Original Challenge is here:

http://ubuntuforums.org/showthread.php?t=884394



#!/usr/bin/env python
# Ubuntu Forums Beginner Challenge #3
#
#Read all lines from a text file and copy language names beginning with
#S and H to a new file. Also add a line to the original file.

import sys
import re

try:
infile = open('bhaarat.text', 'r+')
except IOError:
print 'This file does not exist in the current directory'


outfile = open('out.text', "w")
linenum = 1
for line in infile:
pattern = re.compile(r'''
^ #tells us to start at the beginning of the string
\d* #match any number of digits
\W #match any non-alphanumberic character
\s #match whitespace
(S+|H+) #match either S or H one or more times
(\w*) #match anything that follows S or H
''', re.VERBOSE)

try:
(lang1, lang2) = pattern.search(line).groups()
lang = lang1 + lang2
outfile.write(str(linenum) + '. ' + lang + '\n')
linenum += 1
except AttributeError:
pass

infile.write('23. English')
infile.close()
outfile.close()

TwoEars
July 19th, 2011, 09:37 PM
Very good :D

One little comment though - instead of



(lang1, lang2) = pattern.search(line).groups()
lang = lang1 + lang2
You could use the reduce function, for example -


lang = reduce(lambda x,y:x+y,pattern.search(line).groups())

Bachstelze
July 19th, 2011, 10:15 PM
Nice try with try but your exception handling is bad for two reasons:

1) If an IOError is raised by open, the error message will be printed but the program will continue running, and eventually crash:


firas@aoba ~ % python test.py
This file does not exist in the current directory
Traceback (most recent call last):
File "test.py", line 18, in <module>
for line in infile:
NameError: name 'infile' is not defined


2) If the file exists but is not readable, an IOError will be raised and your program will say that the file does not exist, which is misleading.

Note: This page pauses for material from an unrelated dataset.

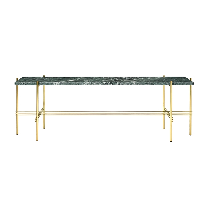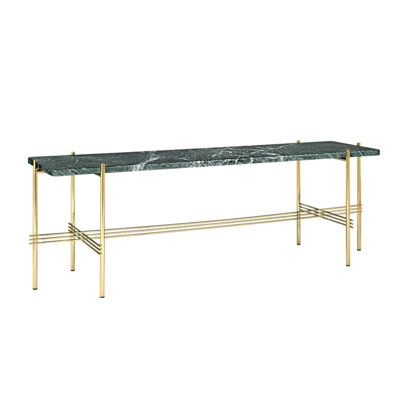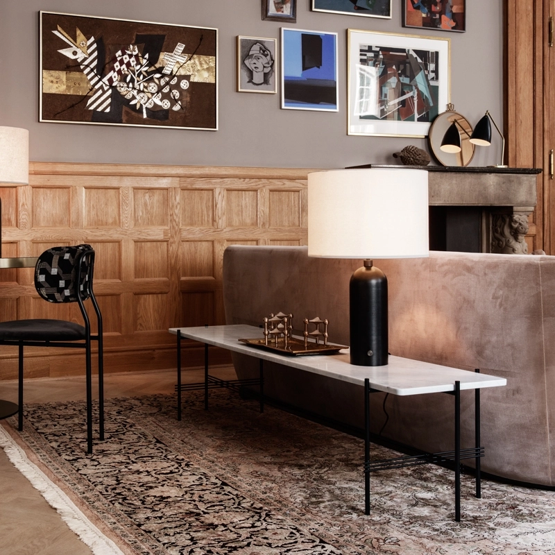 La collaboration entre le studio GamFratesi et la marque Gubi incarne la rencontre du design italien et l'inspiration danoise. L'approche minimaliste et l'artisanat traditionnel des pays scandinaves s'associent à un concept fort et émotionnel. GamFratesi joue sur les contrastes de matériaux et de formes avec un plateau en marbre ou en verre coloré reposant sur un piètement fin en métal noir ou laiton. Graphique et élégante, la console TS de Gubi apporte une touche d'élégance dans un salon ou entrée. La collection TS se décline également en version table basse, guéridon, table de repas et bureau.

You should be able to fix that by yourself if you read more about exception handling: http://docs.python.org/tutorial/errors.html

EDIT: Also I would add a comment to explain why you ignore AttributeError exceptions in your secont try...except block, because it's not obvious.

schauerlich
July 19th, 2011, 10:54 PM
You could use the reduce function, for example -


lang = reduce(lambda x,y:x+y,pattern.search(line).groups())

I wouldn't say that's any clearer. No point in using reduce on a two element collection.

TwoEars
July 19th, 2011, 11:05 PM
I wouldn't say that's any clearer. No point in using reduce on a two element collection.

True, but
1) It makes for more reusable code, which code should always be
2) It saves using tuple unpacking and IMO, that makes code a lot cleaner in code such as this. lang1 and lang2 aren't wonderful names, and any clearer names are going to be quite long.

Oh, and @OP


outfile.write(str(linenum) + '. ' + lang + '\n')
would be better achieved using string formatting.

I also recommend "with" to ensure file closing - it makes your code more readable, and when it comes to writing modular programs, it ensures you don't make a mistake and leave a file open.

Randy Flagg
July 20th, 2011, 03:32 PM
Very good :D



lang = reduce(lambda x,y:x+y,pattern.search(line).groups())

I haven't played with lambda all that much. I know the 'lang' names were a little conrfusing but that was the best I could come up with. Maybe I will try and work with lambda in the next challenge as a challenge to myself.

TwoEars
July 20th, 2011, 06:18 PM
I haven't played with lambda all that much. I know the 'lang' names were a little conrfusing but that was the best I could come up with. Maybe I will try and work with lambda in the next challenge as a challenge to myself.

Well, lambda is handy when you need it - not so much when you don't. Learning to use it in the correct place is probably the most important bit of learning them ;)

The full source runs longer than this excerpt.